Let's say that the input voltage is given as \$V_{in}\$. Your question now is what happens to \$V_{out}\$ if \$V_{in}\$ goes from 0 to 2V?

To do that, find the transfer function, that is:

$$\frac{V_{out}}{V_{in}} = \frac{R_1||\frac{1}{j\omega C_1}}{R_2 + R_1||\frac{1}{j\omega C_1}}$$

As you said, it's a (complex) voltage divider, expanding the parallel term gives $$R_1||\frac{1}{j\omega C_1} = \frac{R_1 \frac{1}{j\omega C_1}}{R_1 + \frac{1}{j\omega C_1}} = \frac{R_1}{j\omega R_1C_1 +1}$$

$$\frac{V_{out}}{V_{in}} = \frac{R_1||\frac{1}{j\omega C_1}}{R_2 + R_1||\frac{1}{j\omega C_1}}=\frac{R_1}{j\omega R_1C_1 +1} \div( R_2+\frac{R_1}{j\omega R_1C_1 +1}) = \frac{R_1}{j\omega R_1R_2C_1 + R_2 + R_1}$$

This formula is a first order lag element. The general formula of this element is

$$G(j\omega) = \frac{K}{j\omega T + 1}$$

As you can see, the numerator is a polynomial of order 0 and the denominator is a first order polynomial. The coefficients and their values are not that important. That's why this is a first order lag element. The important thing is that many systems have a transfer function like your system. They are all behaving in a similar way, only varying due to values of T, K, etc. They all have a step response of the shape that yours has.

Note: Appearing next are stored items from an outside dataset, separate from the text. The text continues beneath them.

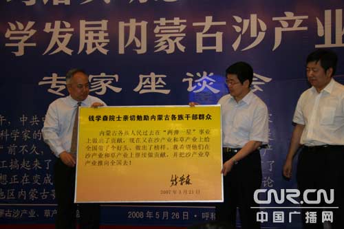 座談會上,國際知名度的沙產(chǎn)業(yè)資深專家劉恕談了錢老沙產(chǎn)業(yè)理論的形成和發(fā)展;《錢學(xué)森書信》十卷本主編、錢學(xué)森學(xué)術(shù)秘書涂元季教授講了對沙、草產(chǎn)業(yè)體現(xiàn)科學(xué)發(fā)展觀的認(rèn)識;錢永剛教授代表其父錢學(xué)森發(fā)言,回顧了胡總書記的看望情況,感謝黨中央的關(guān)懷;祝賀座談會成功,希望內(nèi)蒙古再接再厲。他和錢學(xué)森辦公室同志向自治區(qū)政府贈送了錢老簽名的一段話:“內(nèi)蒙古各民族人民過去在‘兩彈一星’事業(yè)上做出了貢獻,現(xiàn)在又在沙產(chǎn)業(yè)、草產(chǎn)業(yè)方面帶了個好頭,做出了榜樣,我希望他們把沙產(chǎn)業(yè)、草產(chǎn)業(yè)的經(jīng)驗推向全國去!”中國工程院院士任繼周先生、中國生態(tài)道德教育促進會會長陳壽朋教授等發(fā)來了賀信。中國科學(xué)院陳佐忠研究員、中國荒漠化防治基金會理事長安成信、國家交通運輸部楊利民同志、上海交大教授史貴全博士、中華原生態(tài)治沙工程聯(lián)合會首席顧問楊超教授、甘肅省沙、草產(chǎn)業(yè)協(xié)會副會長魏萬進教授及區(qū)內(nèi)專家、企業(yè)家代表作了精彩發(fā)言。
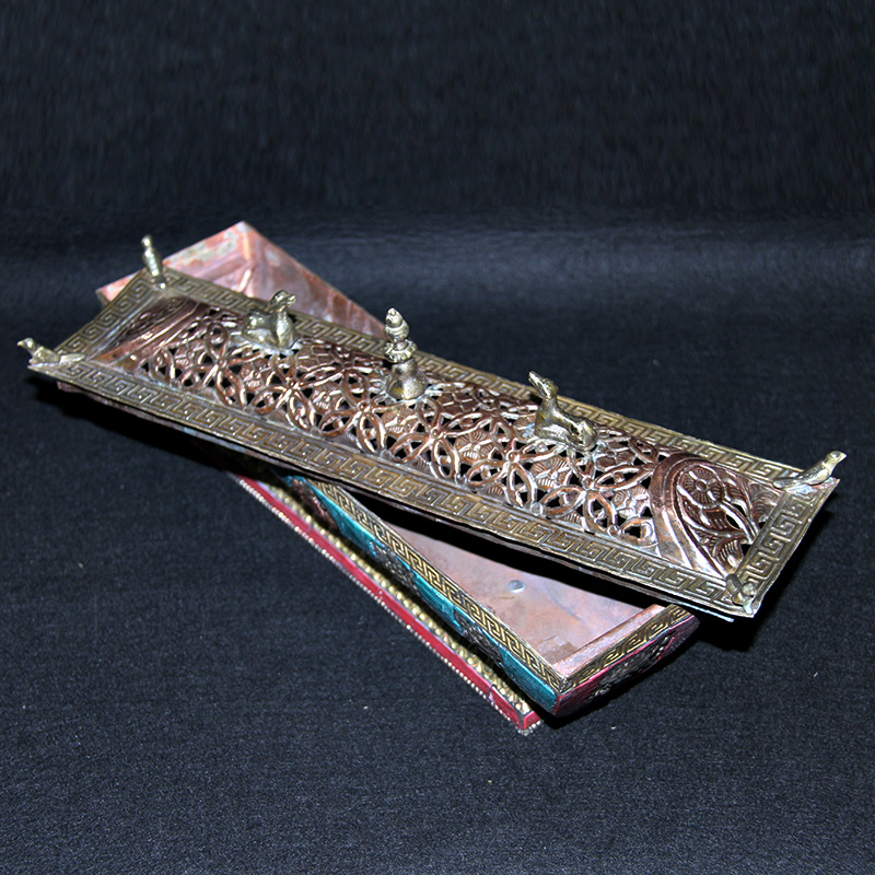 Tibetan Buddhist furniture Tibetan Nepalese pure copper hand-inlaid turquoise home for Buddha eight auspicious lines lying incense burner
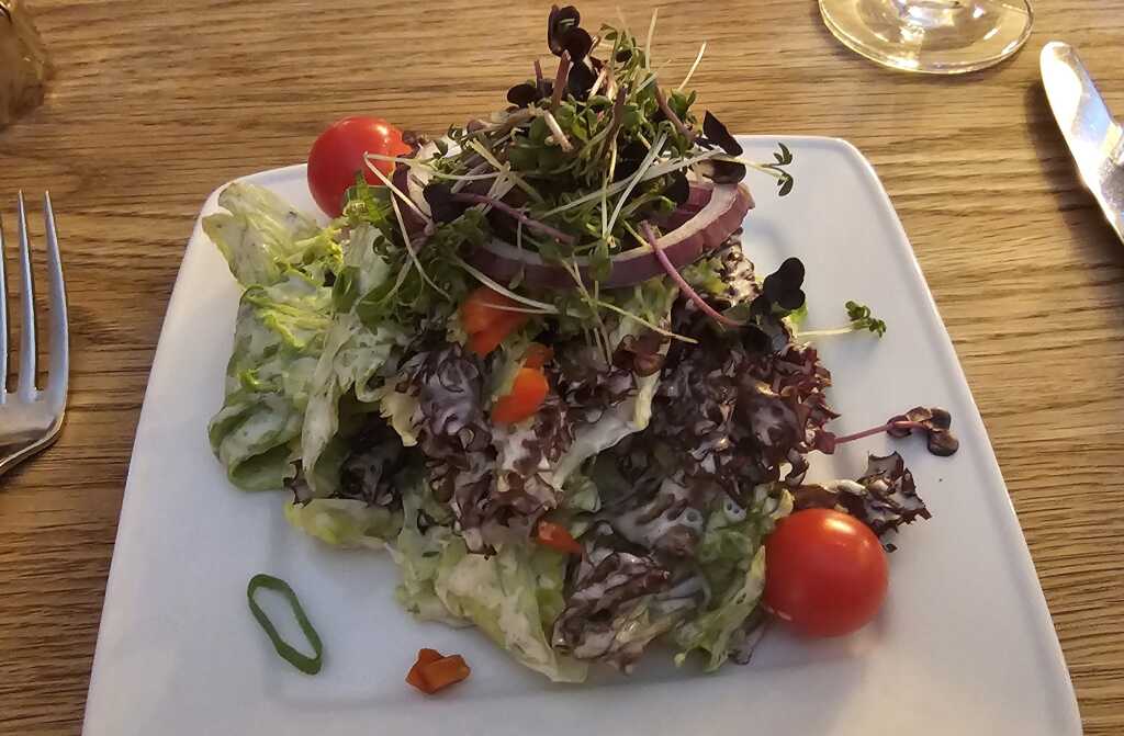 Beide wählten wir „Salat“ als Beilage. Serviert wurde eine kleine Salatgarnitur mit Fertigdressing.
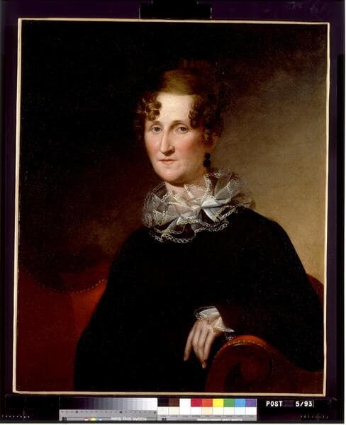 Painted late in his career, James Peale's portrait of Ann Britton Cook is done in a softer, more painterly style than his earlier work such as William Flintham (1805) and A Girl Holding a Doll (1804). Peale used similar elements in the portraits of Cook and Flintham-the leather-covered furniture and a plain background with a red curtain-but in portraying Cook, he focused more on the contrast of light and dark, giving her a fully developed physical presence. The attention to detail characteristic of Peale's style is evident in his treatment of Cook's lace collar and her elaborate coiffure.

The transfer function is a way to express the behaviour of the system in an abstract mathematical way. It doesn't matter if it is a mechanical or electrical system. If I told you that the flow of heat through an object has the same transfer function, you now know quite a bit about what that means in terms of its behaviour without necessarily knowing anything about thermodynamics. You don't even have to know what heat actually is, because you have an abstract description of its behaviour.

Knowing that is helpful because the step responses for all the basic elements are known. It looks indeed the way you posted it.

The point here is that for more complex circuits, it is often not trivial to figure out what each element doe and how it affects the overall circuit. Analysing the circuit as a circuit with complex elements yields the transfer function that can be used to determine the step response (like in your case), the impulse response or generally speaking the response to any input signal.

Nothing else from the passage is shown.